Hi,
On 2025-10-08 13:23:33 -0400, Robert Haas wrote:
> On Wed, Oct 8, 2025 at 12:24 PM Tomas Vondra <tomas@vondra.me> wrote:
> > Isn't this somewhat what effective_cache_size was meant to do? That
> > obviously does not know about what fraction of individual tables is
> > cached, but it does impose size limit.
>
> Not really, because effective_cache_size only models the fact that
> when you iterate the same index scan within the execution of a single
> query, it will probably hit some pages more than once.

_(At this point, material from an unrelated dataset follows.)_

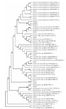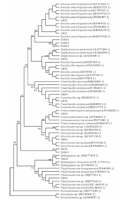20株可培养内生细菌中有15株成功提取其基因组DNA并扩增出16S rDNA 序列。经16S rDNA序列相似性分析和构建系统发育分析(图1), 表明2种嵩草属牧草分离到的内生细菌属于7个属8个种, 且2XSZ2, 2ASZ3和2XSZ4属于芽孢杆菌属, 但种的分类地位有待于进一步研究, XSZ4和2ASZ1在属水平的分类地位待定。7个属分别为芽孢杆菌属(Bacillus)、叶杆菌属(Phyllobacterium)、葡萄球菌属(Staphylococcus)、类芽孢杆菌属(Paenibacillus)、微杆菌属(Microbacterium)、原小单孢菌属(Promicromonospora)和鞘氨醇盒菌属(Sphingopyxis), 其中线叶嵩草中分离到5种, 分别是B. amyloliquefaciens、Phyllobacterium trifolii、S. epidermidis、Paenibacillus polymyxa和M. oxydans, 矮生嵩草分离到6种, 分别是B. amyloliquefaciens、B. thuringiensis、Paenibacillus polymyxa、M. oxydans、Promicromonospora umidemergens和S. bauzanensis。线叶嵩草根部内生细菌分别属于Phyllobacterium. trifolii、Paenibacillus polymyxa和M. oxydans, 种子内生细菌属于B. amyloliquefaciens、S. epidermidis和M. oxydans。矮生嵩草根部内生细菌分别属于Promicromonospora umidemergens和S. bauzanensis, 种子内生细菌属于B. amyloliquefaciens、B. thuringiensis、Paenibacillus polymyxa和M. oxydans。该结果表明, 牧草内生细菌种类丰富, 具有丰富的遗传多样性, 但在不同牧草或器官种类有差别。在上述15个内生细菌中, 6株属于芽孢杆菌属细菌, 说明芽孢杆菌属细菌为2种牧草内生细菌的优势菌群。
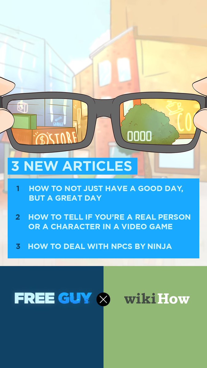 @wikiHow has the answers - How To Not Just Have a Good Day But a Great Day: https://bit.ly/HaveGreatDay - How to Tell If You’re Real or a Video Game Character: https://bit.ly/AreYouVideoGameCharacter … - How to Deal w/ NPCs by@Ninja: https://bit.ly/DealWithNPCs pic.twitter.com/CAYPeXKahc

That's indeed today's use, but I wonder whether we ought to expand that. One
of the annoying things about *_page_cost effectively needing to be set "too
low" to handle caching effects is that that completely breaks down for larger
relations. Which has unwelcome effects like making a > memory sequential scan
seem like a reasonable plan.
It's a generally reasonable assumption that a scan processing a smaller amount
of data than effective_cache_size is more likely to cached than a scan that is
processing much more data than effective_cache_size. In the latter case,
assuming an accurate effective_cache_size, we *know* that a good portion of
the data cannot be cached.
Which leads me to wonder if we ought to interpolate between a "cheaper" access
cost for data << effective_cache_size and the "more real" access costs the
closer the amount of data gets to effective_cache_size.
Greetings,
Andres Freund